Perché le tasse sono roba da poveri

Perché le tasse sono roba da poveri

Da Trump che dichiara 750 dollari come reddito annuo a Zuckerberg che è senza stipendio. E’ così che aumentano le disuguaglianze. Ma per Emmanuel Saez la soluzione c’è.

 

All’indomani dello scoop del New York Times sull’elusione monumentale di Donald Trump che per 11 anni su 18 ha pagato zero tasse federali e che l’anno dopo la sua elezione ha versato ben 750 dollari, poco più di un pernottamento nelle Trump Tower di New York, l’uomo meno sorpreso del mondo era Emmanuel Saez. Economista francese a Berkeley, tra i massimi esperti di disuguaglianze, amico e socio di Thomas Piketty in tanti studi, è –con Gabriel Zucman- l’autore di “Il trionfo dell’ingiustizia” (Einaudi, pp. 240, euro 17,50), che dovrebbe diventare lettura obbligatoria per ogni politico che non abbia ancora definitivamente rinunciato alla partita sulla giustizia sociale.

Il libro inizia proprio ricordando un incontro televisivo in cui Hillary Clinton rinfacciava a Trump nel 2016 ciò che il quotidiano newyorchese ha confermato e quantificato oggi. Il miliardario (presunto) non aveva negato, ma rilanciato: “Già, (pago poco) perché sono furbo”. Il finale è noto. La sua replica, d’altronde, riecheggiava l’assimilazione del prelievo fiscale a rapina quotidiana magistralmente inserita nella psiche collettiva americana da Ronald Reagan. Il libro si occupa di uno dei più resistenti tabù della politica contemporanea, tanto a destra quanto nel centrosinistra. Ovvero, per dirla con il sottotitolo, di “come i ricchi evadono le tasse e come fargliele pagare”.

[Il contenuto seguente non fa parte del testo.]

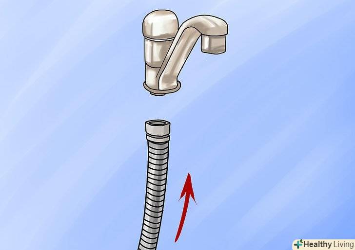 Від'єднайте гнучкі шланги від вентилів, якими змішувач приєднується до них. у цей момент вода з змішувача почне стікати по шлангах на підлогу, для цього візьміть якийсь рушник, щоб зібрати всю воду.- При заміні змішувача не завадить замінити і лінії подачі води, якщо вони звичайно вже зносилися, особливо якщо вони гнучкого типу. У разі, якщо ваша система подачі води складається зі звичайних твердих труб, то в заміні немає необхідності. Якщо ви не міняєте труби, то просто перекрийте воду. Плетений шланг з посиленої нержавіючої сталі практично виключає ймовірність потопу з місця розриву.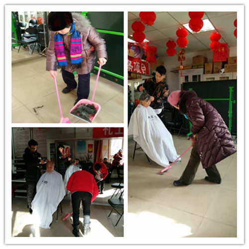 一次次地把地上的头发扫过,保持整洁的同时,以防老人滑倒,志愿者们总是这样细致入微!
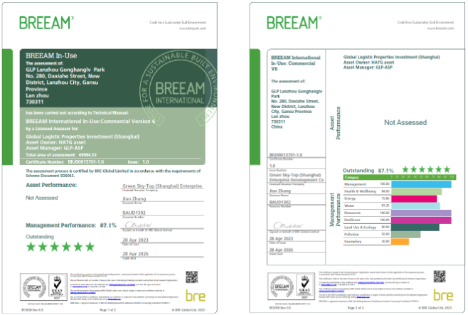 甘肅公航旅金融倉儲基地BREEAM In-Use“杰出”級認證證書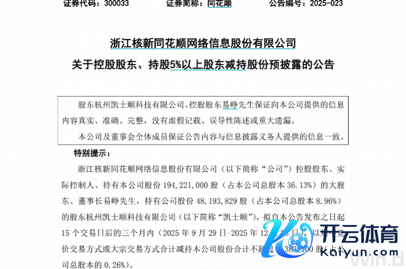 除了易峥以外,5日公告中透露的拟减握股东还有杭州凯士顺科技有限公司(简称“凯士顺”)拟减握部分公司股份。把柄公告,凯士顺当今握有公司股份4819.38万股,占总股本的8.96%,其拟减握不朝上69.91万股,占总股本的0.13%。把柄公告,凯士顺所握股份则着手于同花顺IPO前其所握股份,其减握目标主要为为本人资金需要。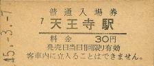 天王寺 “てんのうじ” 30円 〔関西本線〕 昭和45年3月7日 |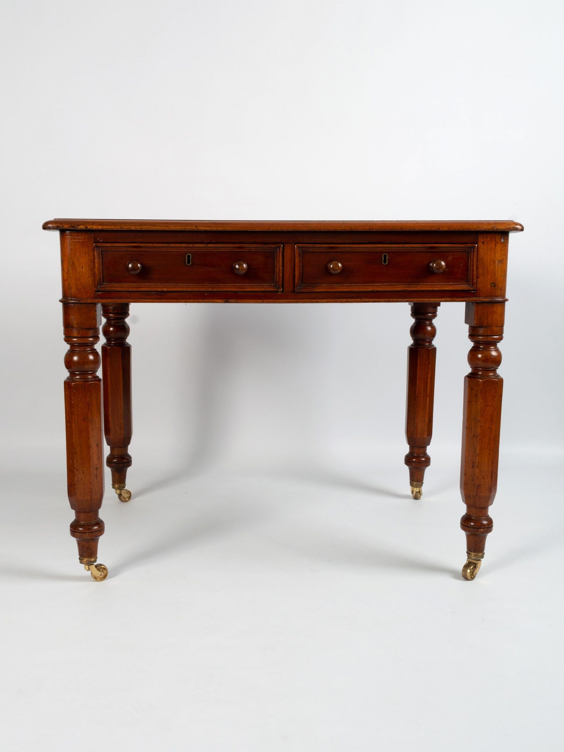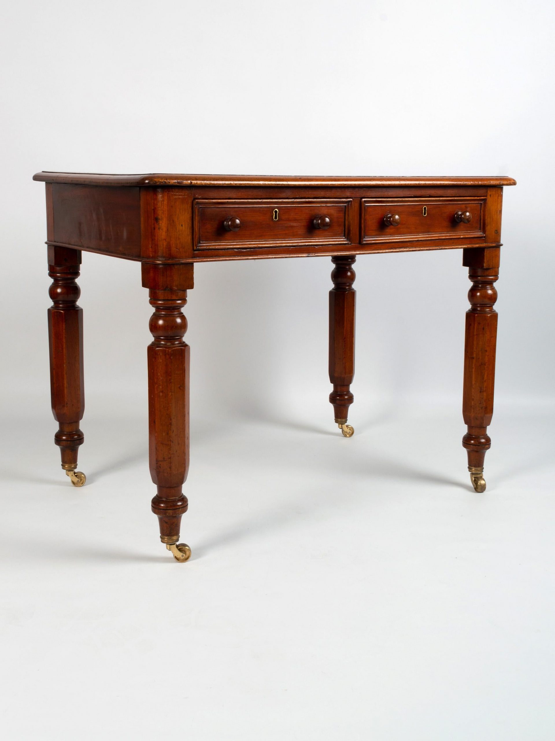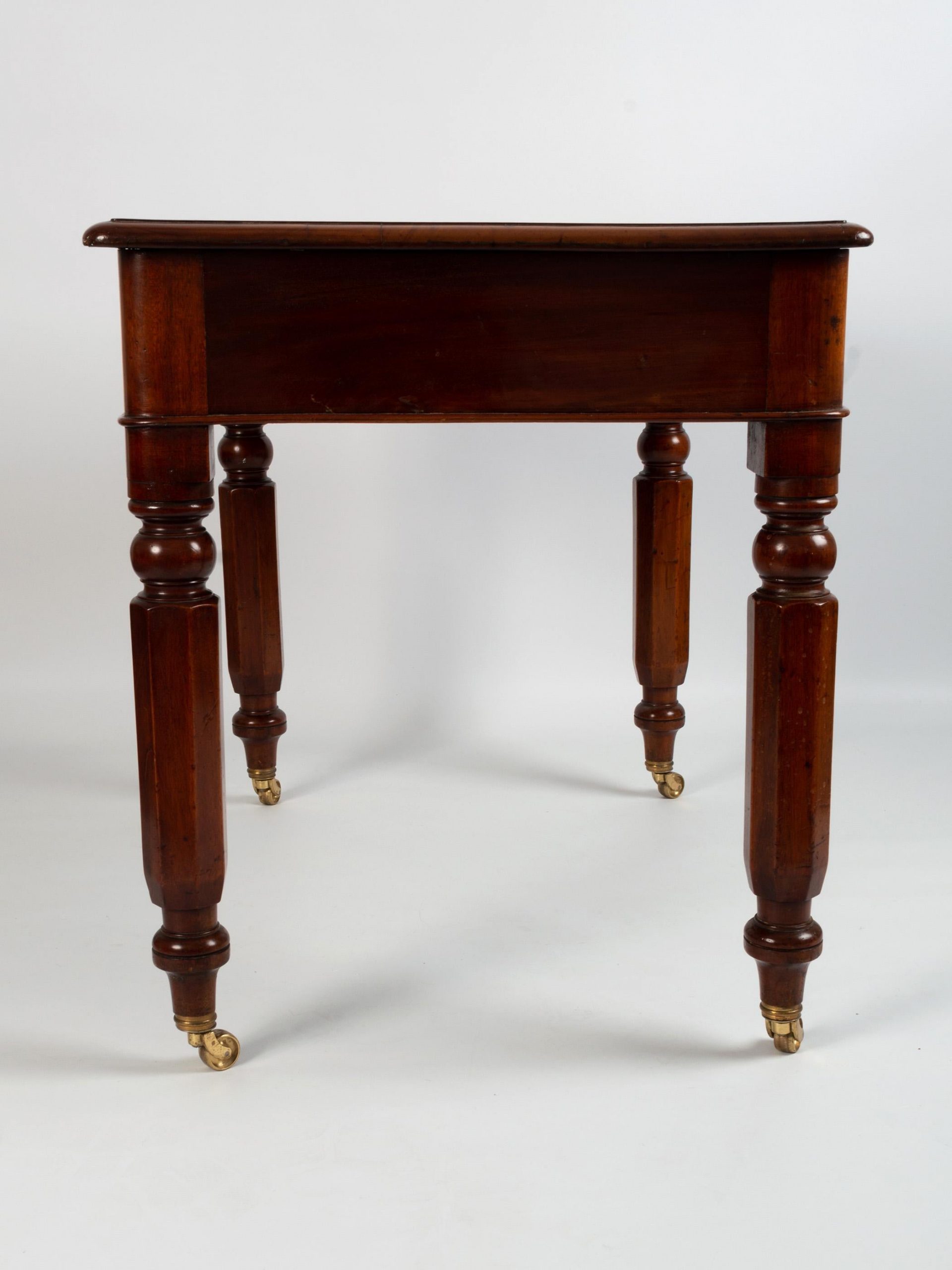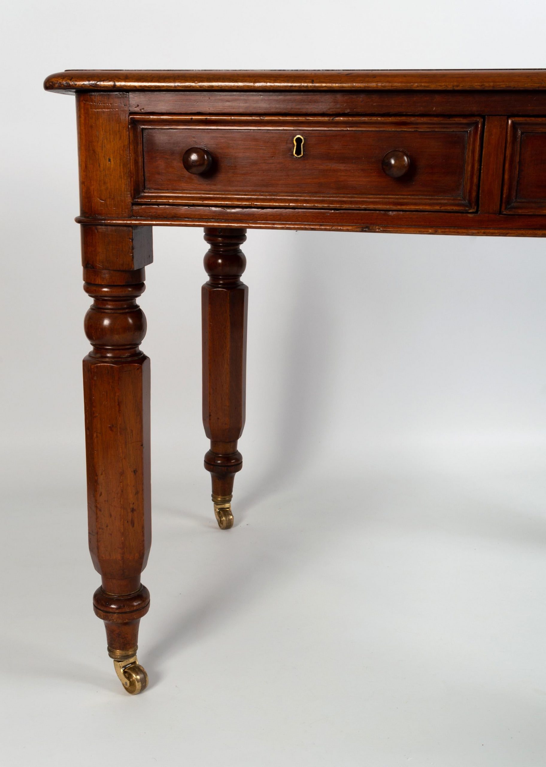 Antique 19th century English Mahogany and leather inset library table C.1840. A neatly proportioned library desk with two drawers, standing on beautifully turned legs, terminating in brass castors. This early Victorian example is presented in excellent condition commensurate of age.

750 dollari, professore: come è stato possibile? Secondo lei questa rivelazione danneggerà Trump?

Senza tasse non esiste collaborazione, non esiste ricchezza, non esiste destino comune: non esiste nemmeno un Paese che ha bisogno di un presidente. Tuttavia dagli anni ’80 il sistema statunitense avvantaggia i ricchi a danno dei poveri. Nel 1970 i ricchi versavano al fisco oltre metà del proprio reddito, cioè il doppio dei lavoratori. Nel 2018, dopo l’ultima riforma fiscale di Trump, per la prima volta in cento anni i miliardari ne hanno pagate circa il 23%, meno di metalmeccanici, insegnanti e pensionati. Quanto al danno, forse a Trump nuocerà di più la rivelazione di non essere quel gran imprenditore che dice di essere dal momento che ha evitato le tasse a causa di gravi e costanti perdite.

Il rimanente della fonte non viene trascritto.